◆ Exercise details
Starting at the line that contains "HB26-1320 spends quite" and stopping after the line that contains "1 таблетка містить", transcribe the listing below exactly; do not include any pictures.

◆ Records to process

---

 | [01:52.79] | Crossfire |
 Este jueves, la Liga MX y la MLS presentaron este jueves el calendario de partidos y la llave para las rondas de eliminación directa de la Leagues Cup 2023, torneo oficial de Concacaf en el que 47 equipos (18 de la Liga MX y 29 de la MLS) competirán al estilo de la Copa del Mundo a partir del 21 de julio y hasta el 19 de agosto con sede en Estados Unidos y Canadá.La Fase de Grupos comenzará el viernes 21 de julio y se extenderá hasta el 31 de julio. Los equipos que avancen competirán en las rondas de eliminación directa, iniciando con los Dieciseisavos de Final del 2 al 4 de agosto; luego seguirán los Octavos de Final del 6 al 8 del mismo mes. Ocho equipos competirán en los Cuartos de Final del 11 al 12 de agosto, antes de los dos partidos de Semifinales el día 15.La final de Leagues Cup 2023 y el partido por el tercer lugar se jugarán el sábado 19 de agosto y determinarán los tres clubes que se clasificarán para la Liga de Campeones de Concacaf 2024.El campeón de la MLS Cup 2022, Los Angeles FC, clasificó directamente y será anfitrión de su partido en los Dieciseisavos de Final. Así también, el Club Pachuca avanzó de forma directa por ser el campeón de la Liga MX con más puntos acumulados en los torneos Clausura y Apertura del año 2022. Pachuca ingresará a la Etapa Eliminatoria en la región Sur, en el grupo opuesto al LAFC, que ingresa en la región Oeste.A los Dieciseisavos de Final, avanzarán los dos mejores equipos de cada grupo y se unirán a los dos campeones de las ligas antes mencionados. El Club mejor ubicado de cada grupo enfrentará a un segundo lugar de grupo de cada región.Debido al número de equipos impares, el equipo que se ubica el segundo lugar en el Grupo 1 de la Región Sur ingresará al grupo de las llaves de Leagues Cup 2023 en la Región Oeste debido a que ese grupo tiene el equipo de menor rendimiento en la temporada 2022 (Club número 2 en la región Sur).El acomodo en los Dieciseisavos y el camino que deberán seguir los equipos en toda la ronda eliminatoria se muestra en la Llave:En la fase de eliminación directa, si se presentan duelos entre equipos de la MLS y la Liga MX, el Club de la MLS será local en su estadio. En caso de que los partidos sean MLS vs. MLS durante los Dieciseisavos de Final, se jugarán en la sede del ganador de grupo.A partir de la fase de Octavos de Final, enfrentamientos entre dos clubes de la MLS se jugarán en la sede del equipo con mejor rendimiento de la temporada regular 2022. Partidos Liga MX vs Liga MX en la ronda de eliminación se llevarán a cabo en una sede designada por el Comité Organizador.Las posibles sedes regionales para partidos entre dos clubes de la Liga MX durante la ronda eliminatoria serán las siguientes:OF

---

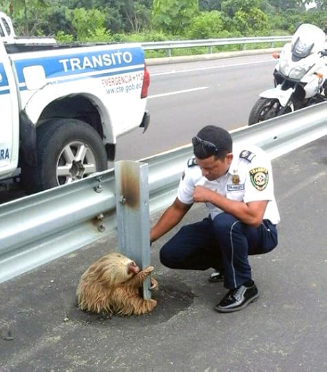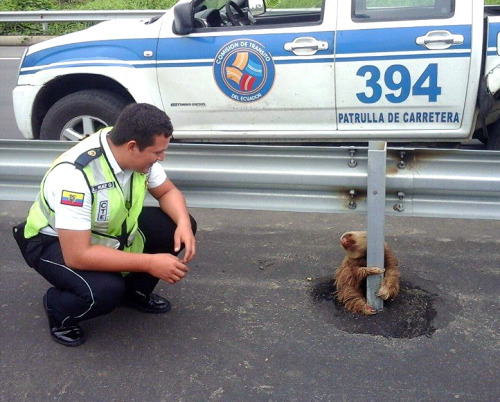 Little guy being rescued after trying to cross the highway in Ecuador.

---

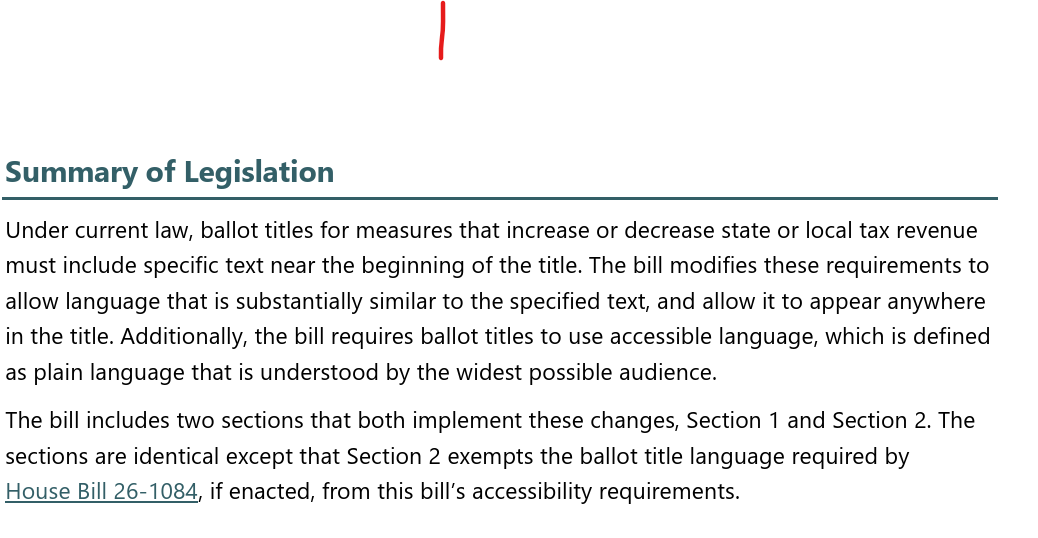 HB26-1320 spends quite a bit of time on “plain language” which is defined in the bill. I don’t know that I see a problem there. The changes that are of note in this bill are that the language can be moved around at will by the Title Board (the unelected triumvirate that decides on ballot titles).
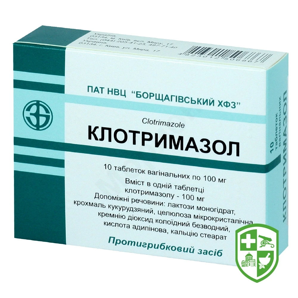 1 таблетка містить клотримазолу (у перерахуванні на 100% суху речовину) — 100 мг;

---

◆ Problem solution
 HB26-1320 spends quite a bit of time on “plain language” which is defined in the bill. I don’t know that I see a problem there. The changes that are of note in this bill are that the language can be moved around at will by the Title Board (the unelected triumvirate that decides on ballot titles).
 1 таблетка містить клотримазолу (у перерахуванні на 100% суху речовину) — 100 мг;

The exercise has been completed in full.